Don Erickson began his apprenticeship to Frank Lloyd Wright in 1948, on a dare from a college professor. He was an 18-year-old who was torn between a career as an architect and a life as a classical pianist. He left Taliesin three years later, after winning accolades for the home he designed for his father. He is known for bold designs of private homes and public buildings, many in suburban Chicago

Erickson’s Swedish parents had different visions of the best career for their son. His mother, Ebba, wanted him to be a pianist, while his father, Gunnar, a master staircase designer and builder, encouraged his interest in architecture. (Note: Gunnar designed staircases for Keck and Keck.)

“I didn’t want to be an architect. I had no interest, and buildings were boring. I didn’t know they could be a way of life. when a friend of my dad’s, another architect, showed me Henry-Russell Hitchcock’s book [In the Nature of Materials The Buildings of Frank Lloyd Wright 1887-1941 New York: Duell, Sloan and Pearce, 1942]; I was dumbfounded.

“It had a gravity that dragged me into the book and into Mr. Wright that was inescapable. It was a good black hole to be sucked into. I couldn’t get enough Wright. I never imagined that spaces could be made this intriguing and challenging, that architecture could be a way of life.

“Architectural Forum came out in 1948 before I went to Taliesin. I tried to emulate Mr. Wright’s work by studying the drawings. It was a real revelation.” This was the second edition of the magazine devoted entirely to Wright’s work. The first was published in 1939.

Marion Gutnayer, Erickson’s professor at the University of Illinois had criticized one of his projects, and Erickson blurted out, “Frank Lloyd Wright would have done it this way.” Erickson says that Gutnayer exploded in his thick French accent, “Eef you like heem so much, go to heem!”

“That was another turning point in my life. I would have never thought of going to Taliesin to be with Mr. Wright. It would have never occurred to me that you could study with Beethoven, with Michaelangelo, that you could do things like that.

“That explosion by my professor, I thought for microseconds, my god, what a wonderful idea! I didn’t mean it (his retort to the professor) as an insult. He opened up the doors to a new life.”

Erickson, his father, and cousin drove to Taliesin, and were told by an apprentice that there was a two year waiting list to join the Fellowship. Erickson was disappointed when they drove away. A few minutes later he told his father he was not ready to give up. He called Taliesin from a pay phone. Wright, himself, answered the phone. Erickson recalls the conversation:
“Mr. Wright?”
“Yes.”
“Mr. Wright!!”
“Yes.”
“I want to be your apprentice!”
“Yes”
“Can I see you?”
“Yes, where are you?”
“In Spring Green.
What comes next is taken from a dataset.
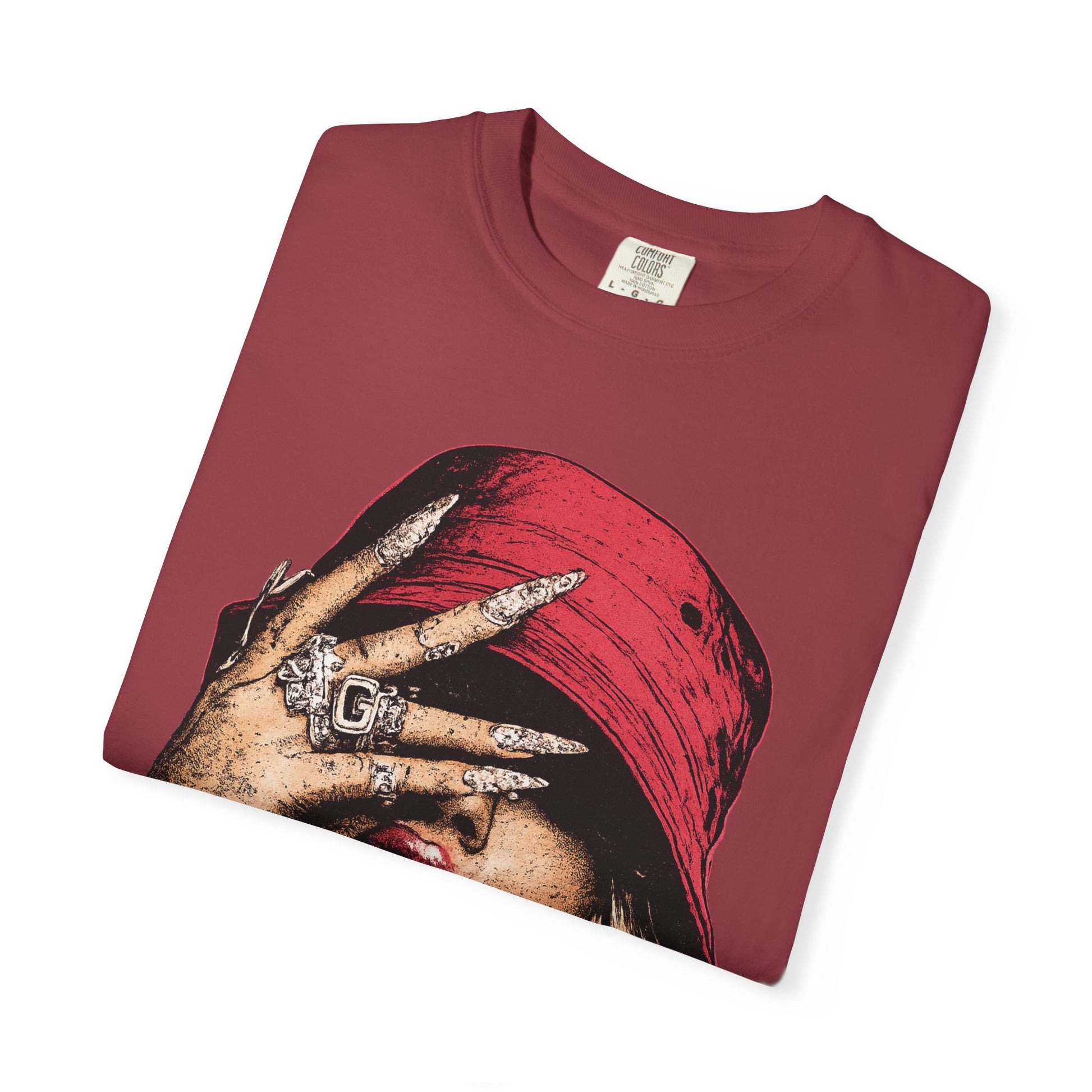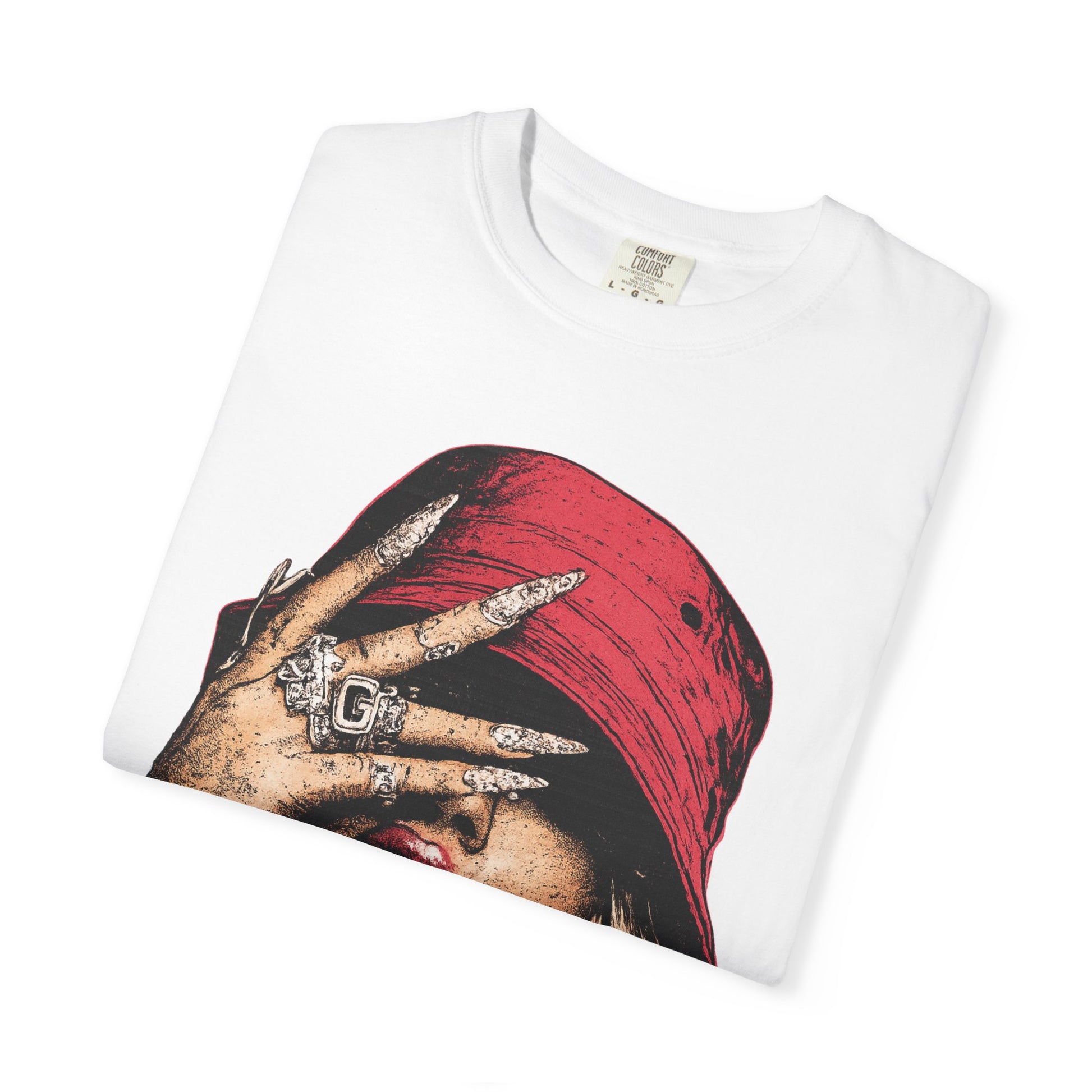 A relaxed, heavyweight tee with an attitude — this garment-dyed cotton shirt wears like a lived-in favorite from day one. The bold, graphic front shows a playful, rebellious portrait: a person with a red bucket hat, hand over one eye, tongue out and decked in chunky rings and a statement earring. The soft, washed color and textured finish come from the garment-dye process, while the tubular knit and double-needle stitching ensure a sturdy, no-fuss silhouette that holds up to everyday wear. Sized from S to 4XL and offered in many colors, it layers easily under jackets or stands alone as the focal point of a streetwear look. It’s for people who love music, edge, and texture — a tee that reads loud in photos, at shows, or out with friends.

I can be there in ten minutes.”
“Meet me in the studio.”

He was invited to begin his apprenticeship at Taliesin West.

Erickson left Taliesin when his father commissioned him to build a house in Inverness, Illinois, in 1951. “Why leave? I suppose it’s like a bird in the nest who has never taken flight. I had my own ideas to express. My father gave me a chance to build something that my mind had created. When I left I told Mr. Wright that I’d be back and I fully intended to be back.” Instead, he earned more commissions in suburban Chicago, and never went back to the Fellowship.

Don Erickson says, “My theory is you don’t design until you analyze what the clients needs are. You have to analyze the problem. You do that up here, not with a pencil. When you analyze the problem, the solution becomes apparent. The problem becomes the solution which becomes the idea. I always come up with the idea sitting and listening to classical music, or driving in a car, or over the roar of the jet engine, flying cross country. You argue with yourself. You become enough of a critic to overcome the euphoria of an idea. You have to bring the euphoria to something which is manageable, which works, which is within your budget.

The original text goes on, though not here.